The windows are boarded up inside in the Morris Brown College classroom where W.E.B. DuBois wrote “A Litany of Atlanta” in 1906 in response to the Atlanta Race Massacre.
Fountain Hall, nearly 140 years old, has sat dormant and decaying for more than a decade.
But there is hope.
The private college received $500,000 from the National Park Service Historically Black Colleges and Universities Grant Program to start the process of restoring all of the windows in the building, including two stained glass windows honoring Atlanta University’s Founder Reverend E. A. Ware and his wife Jane Twichwell Ware.
Last year, the college received $500,000 from the park service to repair the building’s roof, iconic bell tower and clock face.
Credit: Photo by Stan Coleman
Credit: Photo by Stan Coleman
“Fountain Hall is our iconic symbol of strength and perseverance,” said the college’s president, Kevin James. “Students who went to Morris Brown experienced so many milestones in that building. We are going to need that building.”
Once a key member of the Atlanta University Center, Morris Brown College became a shell of its former self after losing its Southern Association of Colleges and Schools accreditation in 2003 because of financial mismanagement. The school filed for bankruptcy in 2012.
Loss of accreditation meant the loss of federal funding, which meant the loss of students who depended on financial aid. At its peak, Morris Brown had a student body of 2,700 students in the mid-1990s.
Now, 75 students are enrolled there — an improvement over the 20 it had in 2019. This past spring, the Virginia-based accreditation agency Transnational Association of Christian Colleges and Schools approved Morris Brown’s application for candidacy status, though the school is not yet accredited.
“But we are restoring Morris Brown one brick at a time,” said James.
Founded in 1881 by the Georgia Conference of the African Methodist Episcopal Church and named for one of its bishops, Morris Brown was the first institution of higher education in Georgia created by Black people for Black people.
Credit: alyssa.pointer@ajc.com
Credit: alyssa.pointer@ajc.com
Fountain Hall, originally named Stone Hall, was built in 1882 by Atlanta University on the crest of Diamond Hill, one of the highest points in the city.

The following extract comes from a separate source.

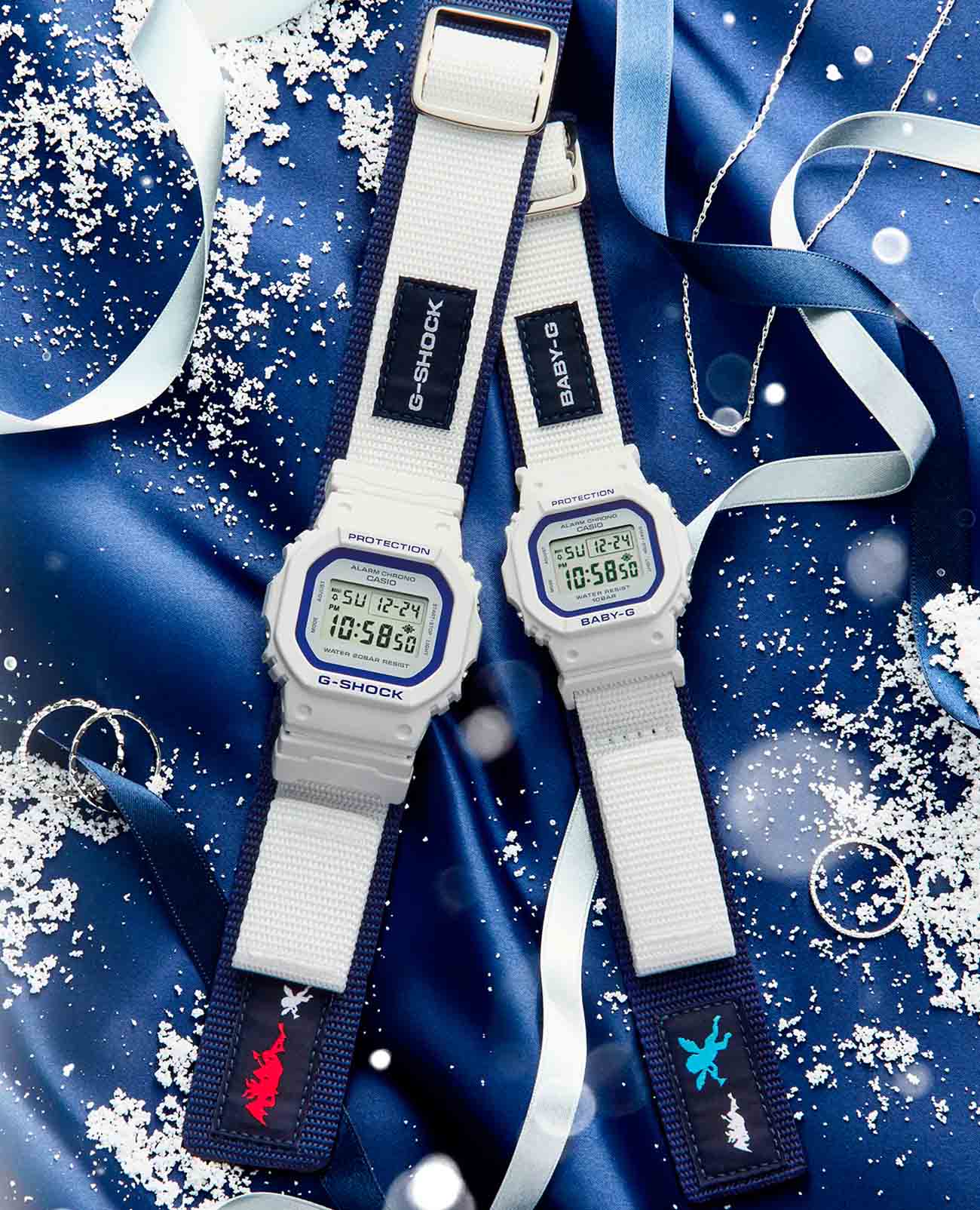 В этом году G представляет коллекцию Lover's Collection LOV-23A-7, в которую входят G-Shock DW-5600 и Baby-G BGD-565. В часах использованы белый и синий цвета и тканевые ремешки первой коллекции Lover's, выпущенной в 1996 году. Эти часы, выпущенные ограниченным тиражом, украшены вышитыми ангелом и дьяволом бирками на нижних ремешках, графическими изображениями red angel (BGD-565) и devil (DW-5600) на светодиодной подсветкеСветодиодная подсветкаСветодиодная или LED-подсветка обеспечивает появление яркого холодного свечения за счёт LED-элементов - маленьких лампочек. Они потребляют минимальное количество энергии, чаще всего можно встретить 1 светодиод, в нижней части циферблата. и специальной гравировкой Lover's Collection на задней крышке корпуса из нержавеющей стали. Обе пары имеют ударопрочный корпусУдаропрочный корпусМеханизм заключён в корпус, выполненный из современных материалов, устойчивых к ударам, механическим повреждениям и падению с высоты: инновационный пластик, карбон, нержавеющая сталь, титан., часовой сигнал времени, секундомерСекундомерСекундоме́р — прибор, способный измерять интервалы времени с точностью до долей секунды., таймерТаймерОтсчитывает секунды в обратном направлении в заданном интервале времени., многофункциональный будильникБудильникБуди́льник — часы, в заданный момент времени подающие звуковой, световой и/или в редких случаях другой сигнал., 12 и 24-часовой формат времени, вечный календарьВечный календарьКлассическое часовое усложнение, представляющее собой календарь, рассчитанный на несколько лет вперёд (стандартно – до 2099 года). Определяет текущую дату, день недели, месяц.. Стилизованная светодиодная подсветкаСветодиодная подсветкаСветодиодная или LED-подсветка обеспечивает появление яркого холодного свечения за счёт LED-элементов - маленьких лампочек. Они потребляют минимальное количество энергии, чаще всего можно встретить 1 светодиод, в нижней части циферблата. освещает весь циферблат, после отпускания кнопки свечение продолжается еще некоторое время. Тканевый ремешок на стандартной застежке. G-Shock DW-5600 имеет вес 57гр, парметры: 48.9 × 42.8 × 13.4 мм. Класс водозащиты: 200 метров, позволит плавать, нырять и заниматься другими водными видами спорта. Baby-G BGD-565 имеет вес 35гр, параметры: 42.1 × 37.9 × 11.3 мм. Класс водозащиты: 100 метров, позволит плавать, нырять и заниматься другими водными видами спорта.
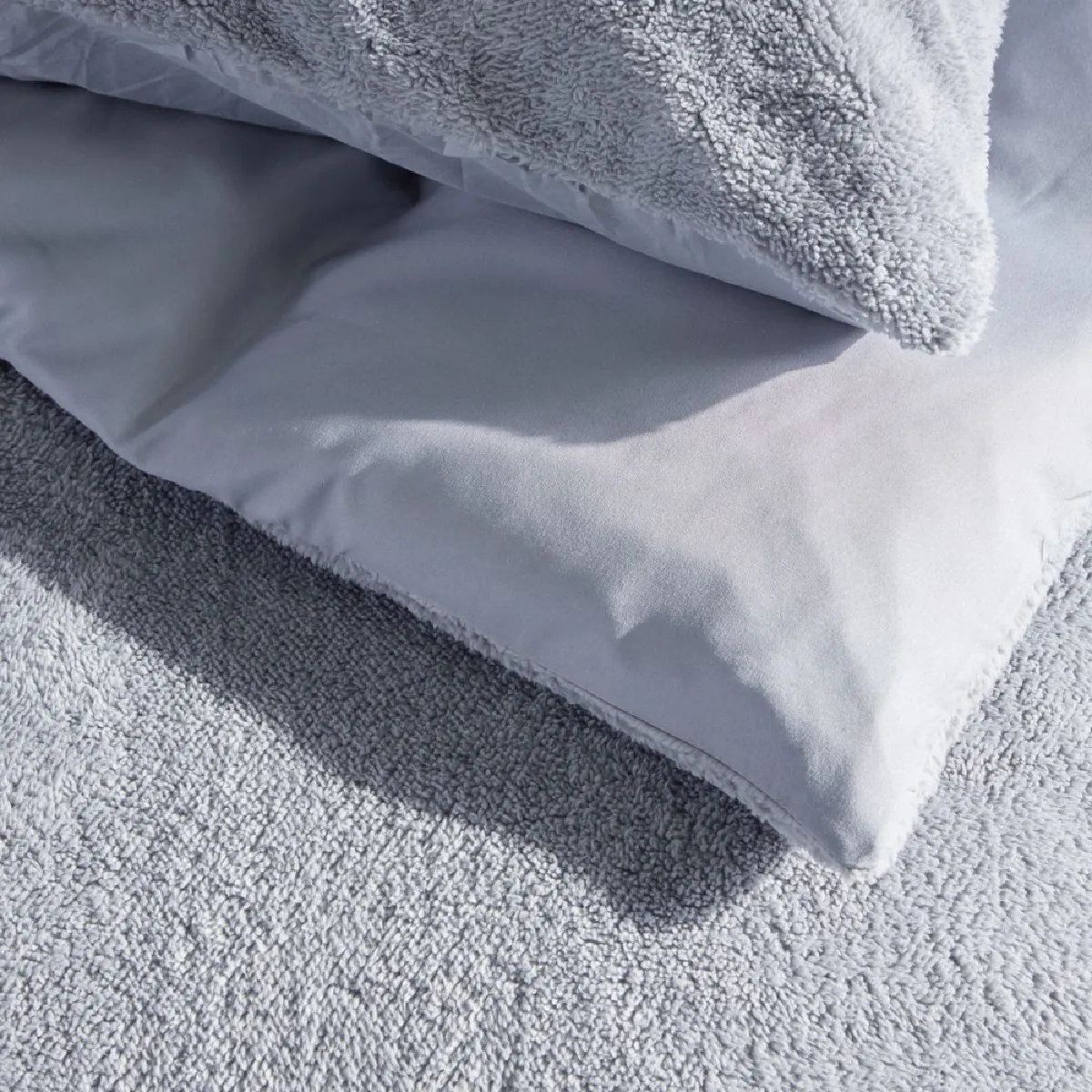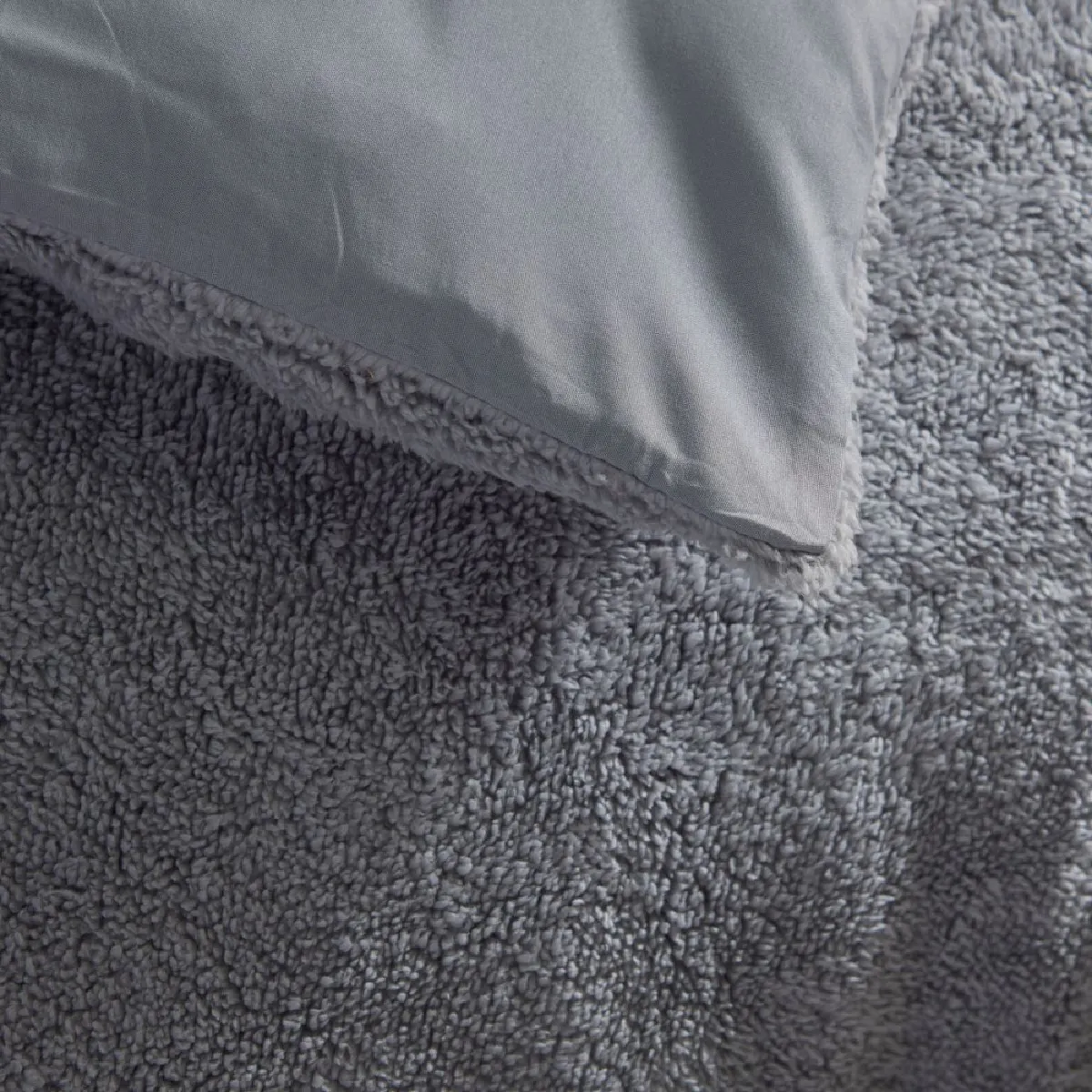 TODAY Teddy Parure de housse de couette bi-matière 240x220 cm avec 2 taies 63x63 cm - Gris

The four-sided clock atop Fountain Hall can be seen for miles and rang every hour.
Atlanta University used the three-story, red brick, High Victorian-style building from 1882 until 1929 primarily as an administration building, chapel and library.
Du Bois’ office, which he maintained from 1897 to 1910 while teaching at Atlanta University, was in Fountain Hall. It was made a National Historic Landmark in 1975.
Credit: BEN GRAY / AJC
Credit: BEN GRAY / AJC
Inside the building today, the rooms are littered with peeling paint, shattered windows and dead squirrels. What hasn’t been vandalized has deteriorated in the years since the building was functional.
The windows project could total as much as $1 million, and the school still has to raise millions more to completely restore Fountain Hall, said R. Candy Tate, who wrote the grant as the chair of the Hallowed Grounds Committee of the Atlanta Branch of the Association for the Study of African American Life and History.
“In the grand scheme of things, we have raised a lot of money in grants, but this is a $30 million project,” Tate said.
In May, the college announced that Chick-fil-A was awarding Morris Brown $500,000 to train student leaders.
There are also nascent plans for Hilton to build a hotel on campus. And, maybe one day, Morris Brown will rejoin the Atlanta University Center Consortium, a collective of the city’s historically Black colleges.
In 2019, Morris Brown was awarded $75,000 by the National Trust for Historic Preservation to hire consultants to advise on raising funds for the restoration of Fountain Hall
“We are hopeful,” James said. “We believe that, as we are showing our resurrection, corporate donors will begin pouring in for Fountain Hall, because they will see a good project.”
On October 23, they will hear it.
In the middle of a raging pandemic and without a football program or even electricity in Fountain Hall, Morris Brown plans to hold homecoming, the annual return of alumni to campus that Black colleges look forward to all year.
For the first time in more than two decades, the bell enclosed in the clock with four new faces will ring out across Diamond Hill.
“That bell hasn’t been heard in 25 years,” James said. “It would mean so much to so many.”